On the other hand, none of the tetramer models fits into a single repeat of the disk rim scaffold or into two neighboring repeats. Furthermore, the tetramer models are significantly bulkier than the negative stain structure of the putative PRPH2-ROM1 tetramer (Kevany et al., 2013).

This result contradicts the previous interpretation of the low-resolution negative stain structure of PRPH2-ROM1 complexes as tetramers, which also has a similar size and shape as the repeats of the disk rim scaffold resolved in our study. Therefore, the predicted model points to an error in our original interpretation and in previous publications where the putative non-covalently bound subunit of PRPH2 and ROM1 was studied. In these publications, particles of similar properties to those reported in Kevany et al., 2013, lay the foundation for the currently accepted PRPH2-ROM1 tetramer model (reviewed in Goldberg et al., 2016). The accompanying results of native gels and the hydrodynamic data that support the tetramer model may have been biased by the detergents used to purify PRPH2-ROM1 complexes (Triton X-100, Amphipol) or the non-globular shape of the complexes.

Therefore, we have introduced major changes to the manuscript. We added an additional Materials and methods section “Structural prediction of PRPH2 oligomers”. We added a supplementary figure and a video showing the fit of the predicted PRPH2 dimer structure into our subvolume average. We toned down our hypothesis that the repeats of the disk rim scaffold are composed of PRPH2-ROM1 tetramers and refer only to PRPH2-ROM1 complexes in the abstract, results and discussion. We now describe the discrepancy between the predicted PRPH2-dimer model and the negative stain structure of putative PRPH2-ROM1 tetramers and conclude that a high-resolution density map is required to elucidate whether the repeats are composed of dimers or tetramers. Furthermore, we changed the discussion of the disulfide bond forming PRPH2-C150 cysteine residues in light of the predicted model.
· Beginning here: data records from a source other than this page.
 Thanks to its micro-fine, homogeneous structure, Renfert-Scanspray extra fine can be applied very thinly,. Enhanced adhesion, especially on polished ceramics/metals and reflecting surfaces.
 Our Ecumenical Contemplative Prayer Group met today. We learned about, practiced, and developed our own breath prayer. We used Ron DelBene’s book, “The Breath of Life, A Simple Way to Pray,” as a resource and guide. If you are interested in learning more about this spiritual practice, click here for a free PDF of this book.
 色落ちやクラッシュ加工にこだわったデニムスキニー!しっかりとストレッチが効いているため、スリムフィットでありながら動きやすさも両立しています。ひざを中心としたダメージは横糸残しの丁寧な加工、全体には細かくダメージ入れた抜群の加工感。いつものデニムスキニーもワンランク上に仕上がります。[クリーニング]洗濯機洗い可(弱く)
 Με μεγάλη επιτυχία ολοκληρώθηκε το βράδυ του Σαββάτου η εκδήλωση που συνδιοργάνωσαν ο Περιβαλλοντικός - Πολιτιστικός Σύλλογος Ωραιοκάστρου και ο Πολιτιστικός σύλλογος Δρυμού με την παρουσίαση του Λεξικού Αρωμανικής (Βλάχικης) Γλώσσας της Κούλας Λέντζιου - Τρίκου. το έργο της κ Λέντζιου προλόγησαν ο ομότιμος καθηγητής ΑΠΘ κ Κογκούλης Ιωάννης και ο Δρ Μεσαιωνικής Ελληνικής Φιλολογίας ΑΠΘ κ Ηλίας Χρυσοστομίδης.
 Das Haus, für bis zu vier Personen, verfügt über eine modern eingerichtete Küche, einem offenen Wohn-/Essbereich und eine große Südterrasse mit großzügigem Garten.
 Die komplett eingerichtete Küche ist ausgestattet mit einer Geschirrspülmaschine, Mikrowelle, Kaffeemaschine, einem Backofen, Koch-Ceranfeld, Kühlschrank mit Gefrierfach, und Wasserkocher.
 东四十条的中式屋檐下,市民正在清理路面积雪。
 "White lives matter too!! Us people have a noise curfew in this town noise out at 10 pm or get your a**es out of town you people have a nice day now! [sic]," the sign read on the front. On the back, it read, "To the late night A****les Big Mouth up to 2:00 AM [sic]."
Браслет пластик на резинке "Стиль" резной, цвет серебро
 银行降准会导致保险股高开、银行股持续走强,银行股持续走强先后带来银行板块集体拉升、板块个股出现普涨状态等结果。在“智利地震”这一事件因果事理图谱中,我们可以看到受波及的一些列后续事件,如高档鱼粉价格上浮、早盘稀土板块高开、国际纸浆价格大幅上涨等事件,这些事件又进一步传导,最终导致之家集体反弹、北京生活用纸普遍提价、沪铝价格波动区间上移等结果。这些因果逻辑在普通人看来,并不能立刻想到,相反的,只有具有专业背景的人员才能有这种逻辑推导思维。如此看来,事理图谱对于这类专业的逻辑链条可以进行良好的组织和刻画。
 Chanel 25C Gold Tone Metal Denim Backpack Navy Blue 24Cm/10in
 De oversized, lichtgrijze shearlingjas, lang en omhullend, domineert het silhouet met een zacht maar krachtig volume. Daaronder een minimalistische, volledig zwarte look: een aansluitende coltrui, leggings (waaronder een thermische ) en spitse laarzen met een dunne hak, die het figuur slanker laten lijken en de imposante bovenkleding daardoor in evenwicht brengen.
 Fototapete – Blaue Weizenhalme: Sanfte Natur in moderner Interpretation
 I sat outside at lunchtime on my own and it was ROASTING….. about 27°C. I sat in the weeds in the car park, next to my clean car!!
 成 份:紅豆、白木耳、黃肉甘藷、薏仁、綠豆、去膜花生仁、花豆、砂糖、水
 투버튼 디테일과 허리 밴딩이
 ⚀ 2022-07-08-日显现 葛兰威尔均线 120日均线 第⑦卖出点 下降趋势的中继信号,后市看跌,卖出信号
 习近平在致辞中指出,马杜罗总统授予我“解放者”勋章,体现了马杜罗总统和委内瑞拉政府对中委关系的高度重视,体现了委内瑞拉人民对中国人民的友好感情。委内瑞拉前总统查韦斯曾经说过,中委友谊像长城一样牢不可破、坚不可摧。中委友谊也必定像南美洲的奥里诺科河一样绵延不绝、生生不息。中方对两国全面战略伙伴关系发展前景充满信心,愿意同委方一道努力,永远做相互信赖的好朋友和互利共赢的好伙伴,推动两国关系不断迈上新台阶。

We also absolutely agree that data on knockout mice could strengthen our manuscript, and we appreciate this suggestion. Four knockouts are of special interest for us. Our putative candidates for the disk rim and disk interior connectors are (i) GARP2 and (ii) PDE6, respectively; and (iii) PRPH2 and (iv) ROM1 are proposed as potential building blocks of the disk rim scaffold. Unfortunately, PRPH2 and PDE6 knockouts lead to complete retinal degeneration. Hence, ROS of these strains cannot be investigated by cryo-ET. The Cngb 1 locus encodes three proteins, namely, the β-subunit of the CNGC-channel and the spliced isoforms GARP1 and GARP2. To our knowledge there is no knockout of only GARP2. In addition, GARP2 is predicted to be largely unstructured (Batra-Safferling et al., 2006). Therefore, structural modeling of the disk rim connectors is not possible. For Cngb 1 or ROM1 knockout mice, ROS can form, as revealed by conventional plastic embedded EM (Zhang et al., 2009, Clarke et al., 2000, respectively). However, ROS are destabilized in both strains and their architecture is highly disorganized (Clarke et al., 2000, Zhang et al., 2009). ROM1 KO mice are indeed commercially available, and the analysis of their ROS by cryo-ET is possible, but not feasible within a reasonable time frame for our revisions. We hope the reviewers will find that the structural models now included in the manuscript help substantiate our hypothesis on the identity of the disk rim scaffold.